Tifftooff: Stimmt es das die Adidas El Moro für sehr schmale Füße gemacht sind? Ist das bei deinen auch so?


----------



## Tifftoff (14. Juni 2007)

Ich hab sehr schmale Füße ( Umfang in der Mitte 25cm), wenn ich mir die so anschaue, sind sie für breite Füße eher wenig geeignet, aber vielleicht ist das beim aktuellen Modell anders.

Ich habe 40 Euro bei ebay gezahlt. Die Specialized Taho hätten mir besser gefallen, waren mir als Alltagsschuh aber zu teuer. Ein Nachteil bei meinen El Moro ist noch, wenn die einmal nass sind, sind sie es auch noch die nächsten Tage, da sie sehr schlecht trocknen.

Hier ist ein Bild. Hinten am Schuh sieht man meinen Versuch das Rausrutschen des Fußes zu verhindern. Damit sind sie eigentlich in Ordnung.

Ich würde trotzdem eher die Taho kaufen, vielleicht sind die aktuellen Taho besser. Anprobieren lohnt auf jeden Fall.

Bei ebay lohnt sich nur, wenn man gebrauchte oder die Schuhe billig einkauft, um sie dann wieder zu verkaufen. Ich hab schon 3 Paar gebrauchte gekauft. Hauptsächlich Sidis.


----------



## Bartenwal (15. Juni 2007)

Hallo,
ich fahre den Specialized Rockhopper, den Vorgänger des Tahoo. Die Sohle scheint identisch zu sein und ist sehr weich. Zum Laufen ist sie sehr gut geeignet, zum Radfahren nur ausreichend. Die Ferse ist eher schmal, vorne ist der Schuh recht breit, d.h. gut geeignet für Spreizfüsse. 
Für die tägliche Fahrt zur Arbeit ist er o.k., auf langen Touren ziehe ich einen Schuh mit festerer Sohle vor, z.B. den Specialized MTB Comp bei Touren im Gelände. Ich habe schon 2 oder 3 Paar Rockhopper verfahren, nach jeweils einem Jahr sind die Schuhe verschlissen (6000 km)
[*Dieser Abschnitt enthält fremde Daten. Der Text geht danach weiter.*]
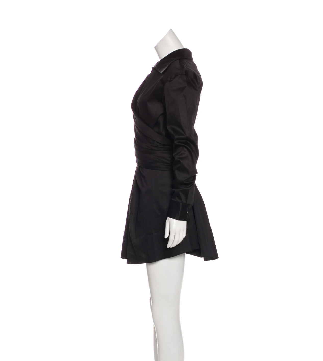 OPENING CEREMONY Black Vintage long sleeve mini dress with pointed collar, draping detail at open waist and exposed button closure at the back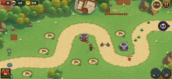 玩这款游戏时,要留意右上角的三个图标:第一个爱心图标显示的是敌人能通过路径抵达终点的剩余数量;第二个是敌人的波次标识,像“2/4”就表示已经经历了两波敌人,还剩两波即将来袭;第三个是金币图标,这些金币仅能在当前这一局游戏中使用,可用于购买防御塔以及对其进行升级。另外,站在草坪区域的英雄能够自由移动,既能配合防御塔一同攻击敌人,也能去攻击那些防御塔射程无法覆盖到的区域。
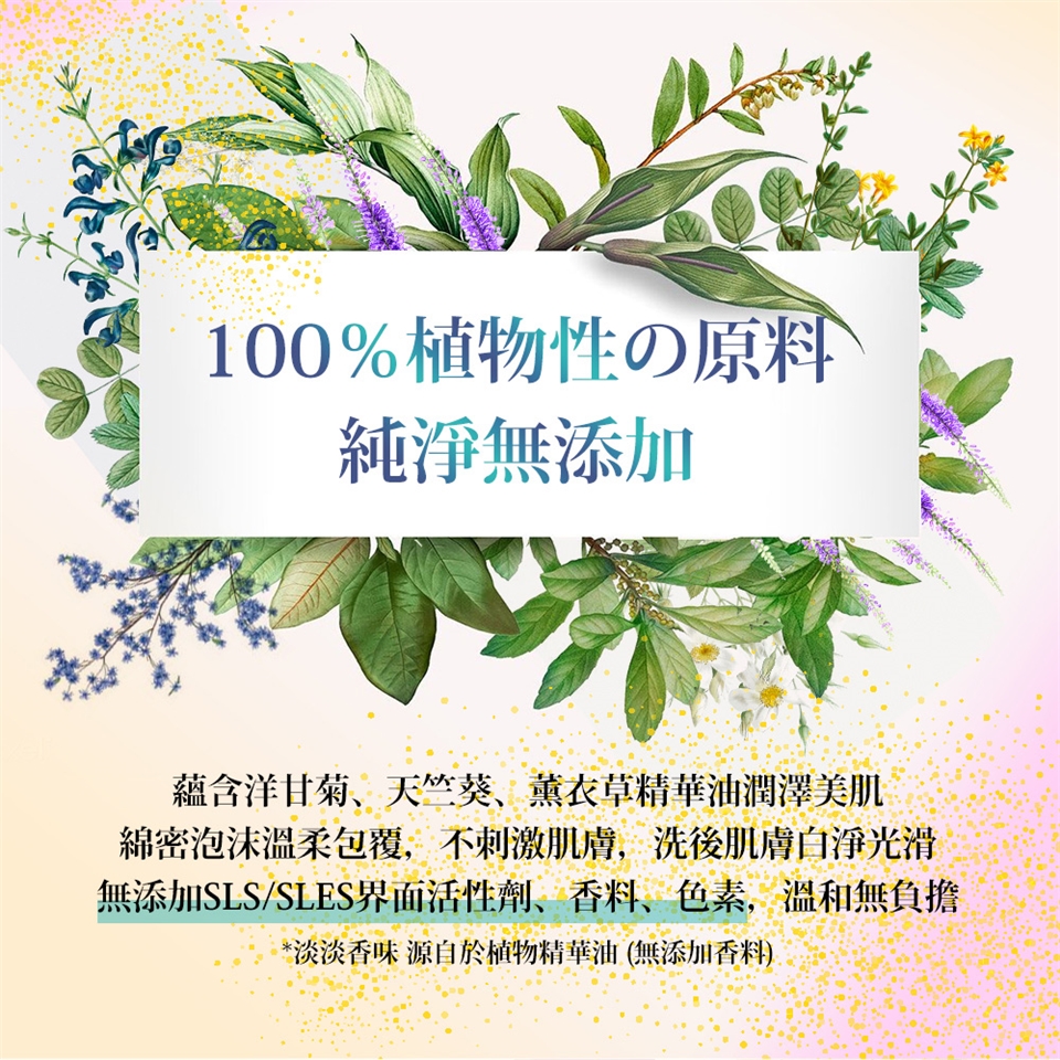 *淡淡香味 源自於植物精華油 (無添加香料)。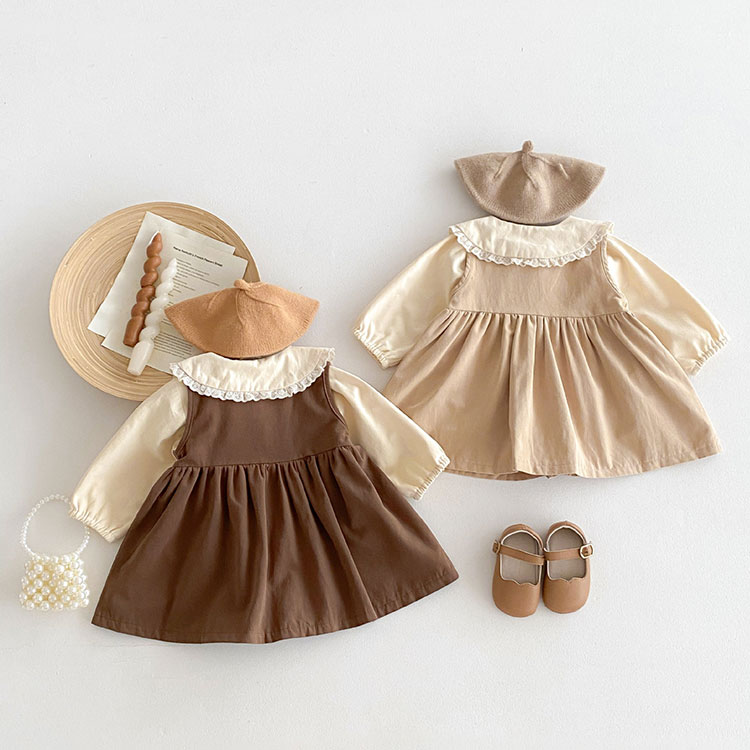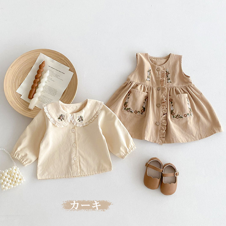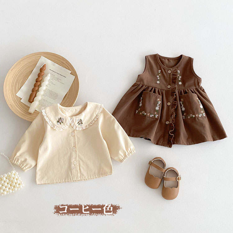 子供服 女の子 ワンピース 長袖シャツ ベビー ベビー服 ファッション 上下セット セットアップ お買い得 コーヒー色 カーキ 73cm 80cm 90cm 100cm 110cm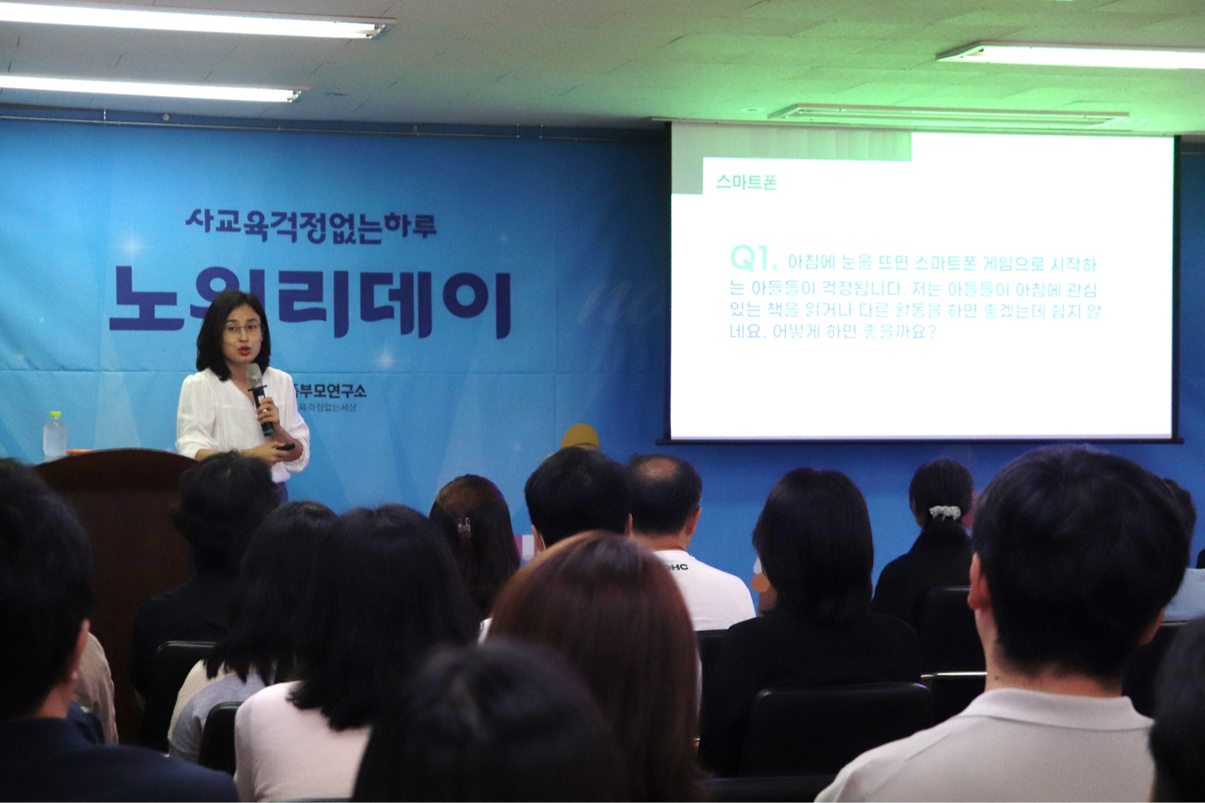 2부에서는 사교육걱정없는세상 요즘부모연구소 윤다옥 소장님께서 자녀 양육에 대해 솔루션을 주시는 <맞춤 부모 상담>이 진행되었습니다.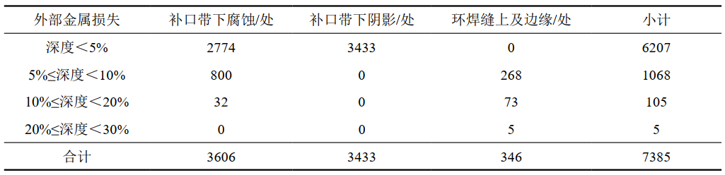陜京一線(xiàn)管道建成投產(chǎn)于1997年,2018年對其中約100公里管道開(kāi)展了第三輪內檢測,發(fā)現補口帶下異常7385處,與上一次檢測相比,補口帶下異常位置明顯增加。對管道補口存在的異常位置和特征進(jìn)行統計,詳見(jiàn)表 1。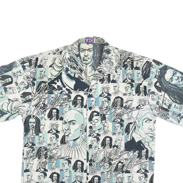 TOUGH GUY Mens White & Blue Pattern Shirt XL Unique Graphic Design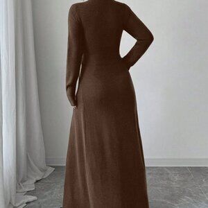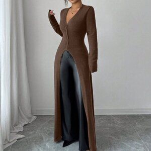 Elevate your late fall style with this coffee brown cardigan, featuring a slim fit, flared hem, and long sleeves. Perfect for adding a touch of elegance to your casual outfits, it boasts a v neck and a cozy, long-sleeved design.

Im Moment teste ich den Shimano MT70 und werde wohl mit ihm meine nächste Tour machen. Der ist hinten etwas weiter, dafür vorne etwas enger als Specialized. Das Gehen funktioniert nicht so gut wie mit dem Specialized, aber die Sohle ist steif genug für lange Touren.

Grüße,
bartenwal


----------



## dertiger (15. Juni 2007)

Danke für die EInschätzung. Eine zu weiche SOhle wollte ich nicht, dann fällt der Tahoo wohl raus.


----------